▸ **Work instructions**: Copy out the data in full and exactly, passing over the pictures.

▸ **Data extract**:
::::

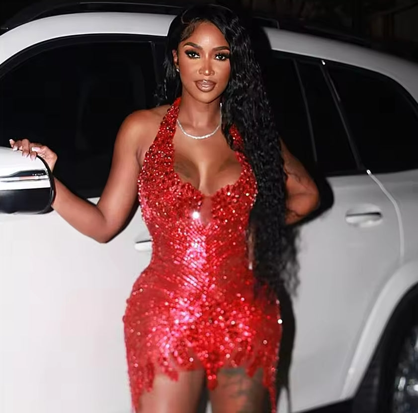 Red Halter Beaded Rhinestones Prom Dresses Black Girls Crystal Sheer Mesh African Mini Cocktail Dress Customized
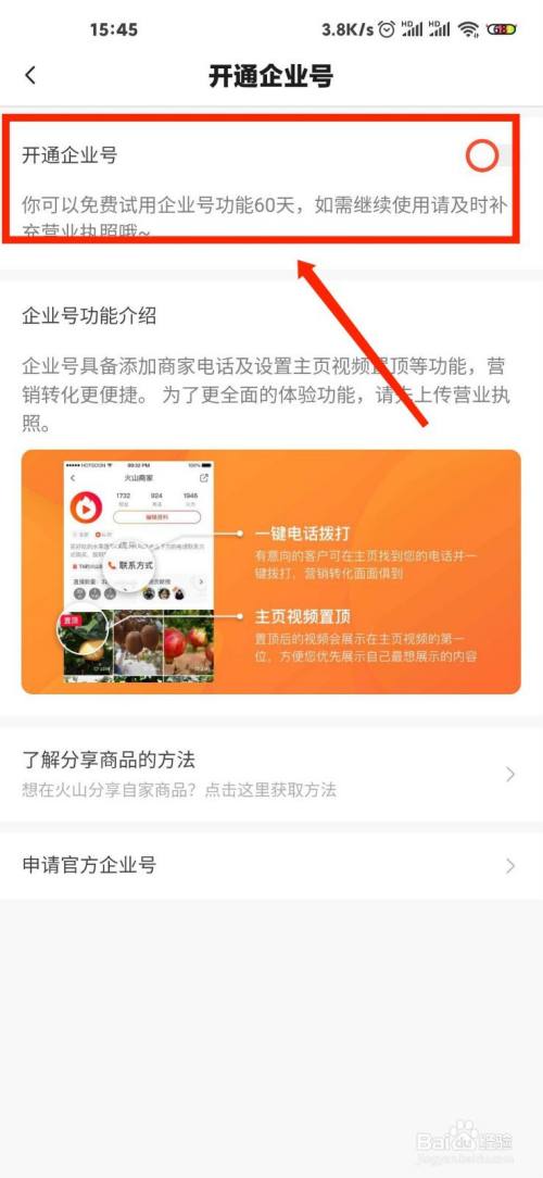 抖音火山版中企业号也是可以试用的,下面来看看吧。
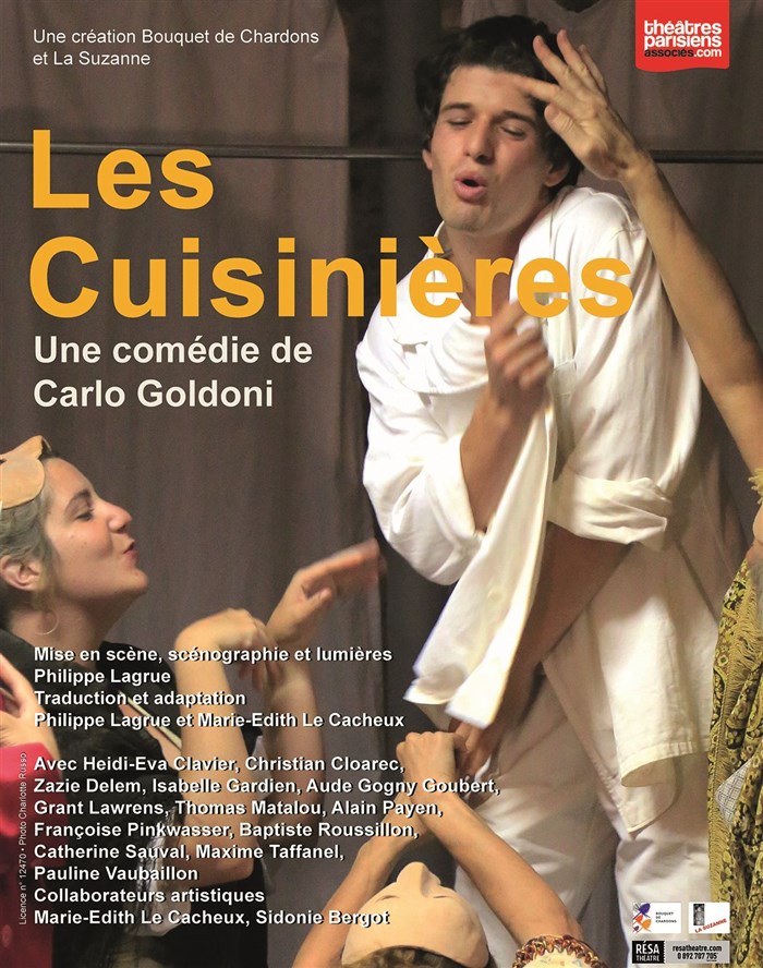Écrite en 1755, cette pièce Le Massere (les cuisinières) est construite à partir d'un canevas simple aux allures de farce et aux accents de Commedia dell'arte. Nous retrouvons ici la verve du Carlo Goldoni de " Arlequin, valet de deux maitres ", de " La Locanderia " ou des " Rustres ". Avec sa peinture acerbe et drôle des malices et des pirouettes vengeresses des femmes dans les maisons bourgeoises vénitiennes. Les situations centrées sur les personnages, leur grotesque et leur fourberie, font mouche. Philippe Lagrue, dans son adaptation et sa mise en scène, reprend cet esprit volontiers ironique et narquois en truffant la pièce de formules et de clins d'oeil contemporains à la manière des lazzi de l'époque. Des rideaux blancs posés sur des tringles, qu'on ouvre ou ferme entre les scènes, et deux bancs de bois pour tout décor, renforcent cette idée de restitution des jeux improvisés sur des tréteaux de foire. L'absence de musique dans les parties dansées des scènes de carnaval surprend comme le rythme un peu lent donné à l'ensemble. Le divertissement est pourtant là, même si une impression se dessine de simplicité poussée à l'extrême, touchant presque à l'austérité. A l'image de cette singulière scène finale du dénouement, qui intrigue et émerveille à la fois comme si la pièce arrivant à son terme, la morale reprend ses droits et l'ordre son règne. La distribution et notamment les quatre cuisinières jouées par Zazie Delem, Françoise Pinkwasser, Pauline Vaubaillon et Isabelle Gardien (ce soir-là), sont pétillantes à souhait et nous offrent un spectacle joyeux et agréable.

::::

▸ **Exercise response**:
 Red Halter Beaded Rhinestones Prom Dresses Black Girls Crystal Sheer Mesh African Mini Cocktail Dress Customized
 抖音火山版中企业号也是可以试用的,下面来看看吧。
Écrite en 1755, cette pièce Le Massere (les cuisinières) est construite à partir d'un canevas simple aux allures de farce et aux accents de Commedia dell'arte. Nous retrouvons ici la verve du Carlo Goldoni de " Arlequin, valet de deux maitres ", de " La Locanderia " ou des " Rustres ". Avec sa peinture acerbe et drôle des malices et des pirouettes vengeresses des femmes dans les maisons bourgeoises vénitiennes. Les situations centrées sur les personnages, leur grotesque et leur fourberie, font mouche. Philippe Lagrue, dans son adaptation et sa mise en scène, reprend cet esprit volontiers ironique et narquois en truffant la pièce de formules et de clins d'oeil contemporains à la manière des lazzi de l'époque. Des rideaux blancs posés sur des tringles, qu'on ouvre ou ferme entre les scènes, et deux bancs de bois pour tout décor, renforcent cette idée de restitution des jeux improvisés sur des tréteaux de foire. L'absence de musique dans les parties dansées des scènes de carnaval surprend comme le rythme un peu lent donné à l'ensemble. Le divertissement est pourtant là, même si une impression se dessine de simplicité poussée à l'extrême, touchant presque à l'austérité. A l'image de cette singulière scène finale du dénouement, qui intrigue et émerveille à la fois comme si la pièce arrivant à son terme, la morale reprend ses droits et l'ordre son règne. La distribution et notamment les quatre cuisinières jouées par Zazie Delem, Françoise Pinkwasser, Pauline Vaubaillon et Isabelle Gardien (ce soir-là), sont pétillantes à souhait et nous offrent un spectacle joyeux et agréable.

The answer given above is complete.